Tocó remar en contra durante largos minutos y pudo llegar el naufragio si una clarísima contra de Soldado no acaba con la señalización de un fuera de juega más que dudoso. Cierto es que la jugada nació en un mal saque de una falta y que las repeticiones no resuelven definitivamente la incertidumbre. Lo cual también tiene su aquél: la TV de pago se ha vuelto un producto de lujo si se analizan sus nuevos precios y ni siquiera fue capaz de ofrecer una imagen nítida en uno de los lances siempre discutidos de este juego. Tiene bemoles.
De haber sido gol los visitantes se hubieran llevado un premio descabellado a tenor de lo visto. El equipo dirigido por Pellegrino se comportó de forma correosa, incómoda y hasta desagradable. Puede que hiciera el partido que le convenía, pero desde luego no sedujo con su propuesta a ningún espectador que ande dudando entre la natación sincronizada y el balompié. Enfrente, mientras tanto, Di María echaba fuera una ocasión inmejorable desde el punto de penalti, Higuaín empotraba un cabezazo en el larguero, Özil disparaba al muñeco en posición franca y Benzema le exigía a Alves la enésima parada que terminaba en saque de esquina. Llama la atención, por cierto, que en la descripción de ninguna de las ocasiones haya que escribir el apellido Ronaldo. Cristiano estuvo desaparecido, como si el hambre voraz ya estuviera saciada, aunque lo cierto es que esto no ha hecho más que empezar y las exigencias serían a todas luces precipitadas.

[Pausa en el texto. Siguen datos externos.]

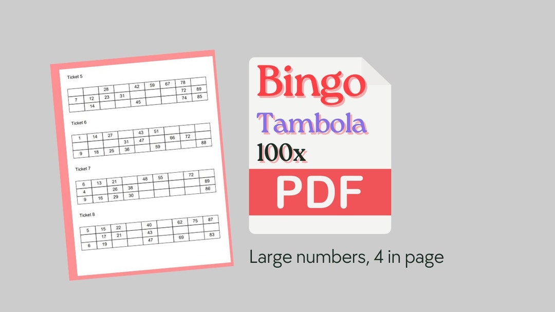 100 Tambola Tickets 25 Pages 4 Tickets per Page Large Numbers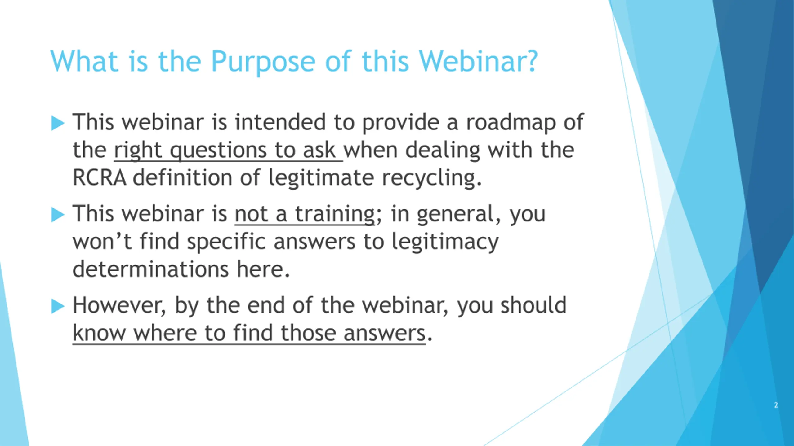 What is the Purpose of this Webinar? This webinar is intended to provide a roadmap of the right questions to ask when dealing with the RCRA definition of legitimate recycling. This webinar is not a training; in general, you won t find specific answers to legitimacy determinations here. However, by the end of the webinar, you should know where to find those answers. 2

Bueno, quizás una sí pueda lanzarse a los cuatro vientos. El madridista ha acabado siendo un tipo concebido para rezarle a todos los santos por la salud de Xabi Alonso. Han pasado entrenadores, directores generales, técnicos, ayudantes, presidentes... y Xabi sigue sin relevo. Otro curso más, cualquier contratiempo de enjundia para el tolosorra generará un problema muy serio en los cimientos del rascacielos blanco. Fisura, por cierto, que no se soluciona con el fichaje de Modric, otro más que vendría a sumarse a la media punta. Por desgracia, en eso la vida sigue igual.